7.  Distributions and Loans

  • Large distributions on the income statement relative to plan assets or to a prior or subsequent plan year.
  • Large distributions payable relative to plan assets or to distributions actually paid out during the plan year.
  • Plans may fail to suspend "salary deferrals" of participants receiving hardship distributions from their accounts as required by I.T. Regulation 1.401(k)-1(d)(2)(iv)(b).
  • Plan participants, receiving premature distributions or defaulting on plan loans, fail to report the distributions and/or pay the 10% excise tax on their individual tax returns.
  • Return indicates that the plan terminated a long time ago, but distributions did not take place.
  • If the employer uses automated systems for participants to secure plan loans, in-service distributions, or hardship distributions, significant compliance issues may occur if required documentation or spousal consents are not secured and maintained.
  • Distributions may be understated due to a plan's failure to properly value employer real property or employer securities in a closely held corporation.
  • Distributions codes used on the Forms 1099 may be in error resulting in improper tax treatment of distributions and/or a failure to report the 10% excise tax.

8.  Assets

  • Large percentage of assets classified as other assets on the balance sheet.
  • Large percentage of assets in one single investment.
  • Large amounts of administrative expenses.
  • Significant misclassifications of assets or liabilities.
  • Significant changes in types of investments from one year to the next based on a comparative analysis of three or more plan years.
  • Existence of relatively large liabilities (other than in a leveraged ESOP).
  • Large percentage of assets invested in employer real property or employer securities (other than in an ESOP).

9.  Limits

  • Excess deduction taken as a result of the "accrual" of a pension expense with no corresponding Schedule M-1 adjustment.
  • Plan(s) may exceed IRC section 415 limits when plan participants are participating in more than one plan of the employer and the employer is making annual additions to all plans.
  • Employees may also exceed the IRC section 402(g) limit when participants are participating in more than one plan that offers elective deferrals.

10.  Miscellaneous

  • Lack of sufficient internal controls to ensure that data provided to third party record keepers/plan administrators is accurate.
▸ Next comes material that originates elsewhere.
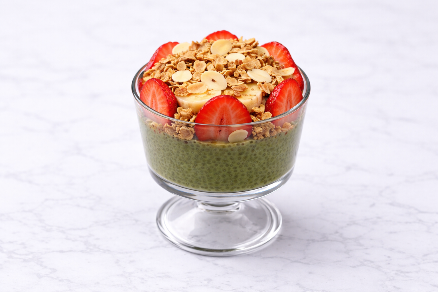 prepared overnight with oat milk and matcha served with banana, strawberry, sliced almond & granola
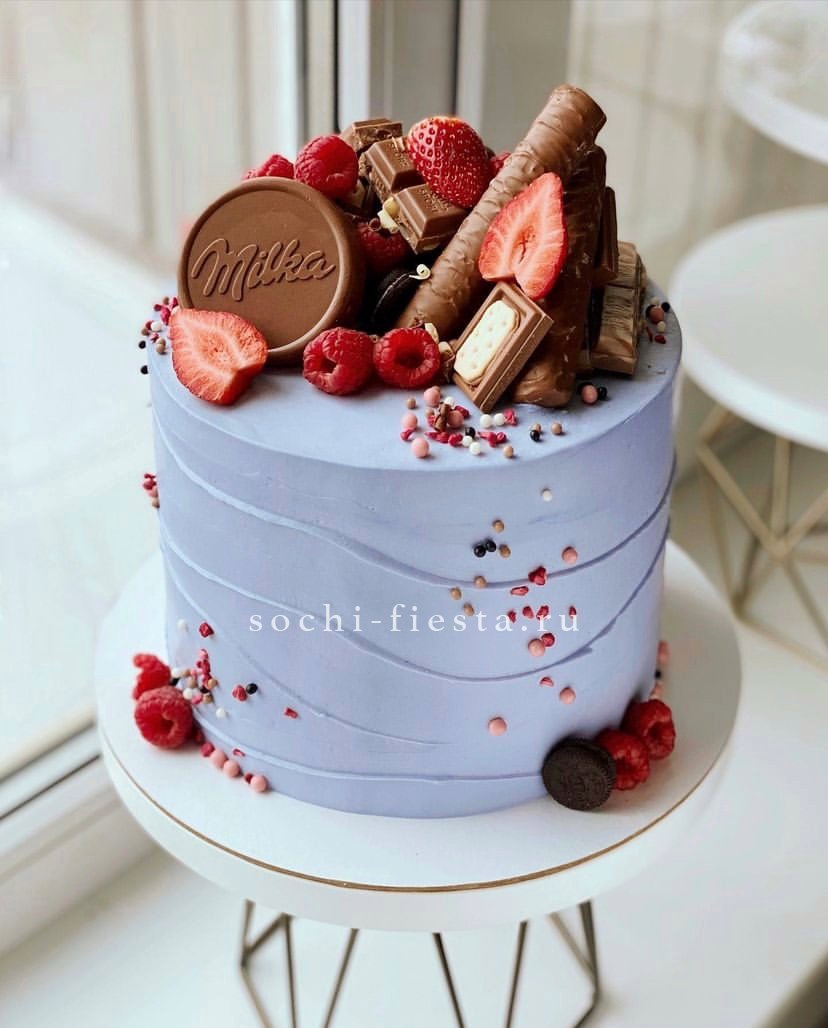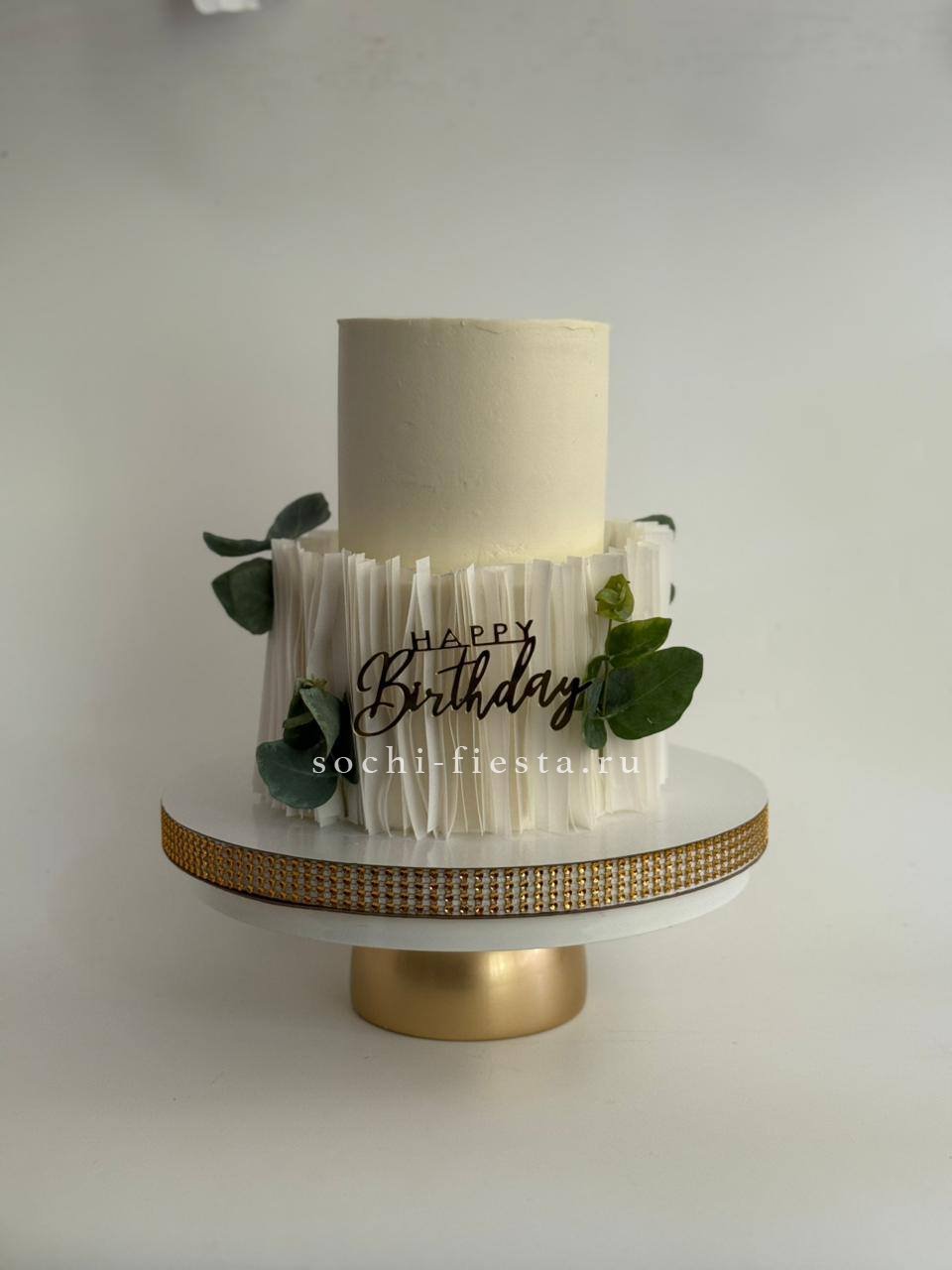 Компактный торт в зелёных тонах с весенним оформлением. Ручная работа и авторский декор делают каждый десерт уникальным. Две начинки на выбор для разных вкусовых предпочтений.

Often the audit reveals that reports and testing prepared by third parties have inacccurate data, such as dates of hire or termination, ages of employees, amount of compensation, etc. Thus the plan administrator is improperly calculating such things as vesting or employer matching allocations.
  • Large corporations with decentralized payroll systems may have problems administering the plan if there are no internal controls to ensure plan provisions are properly applied. For example, if each subsidiary determines eligibility for plan participation, who is an HCE, or what constitutes "plan compensation", significant compliance issues may occur in coverage and allocations.
  • Plan data used to prepare the 5500 returns does not always match the actual records (such as payroll data). In addition, the Taxpayer's Employee Master File has been found to be incomplete (for example, participants who are being reflected on the section 401(a) plan records do not have hire dates shown on the Employee Master File).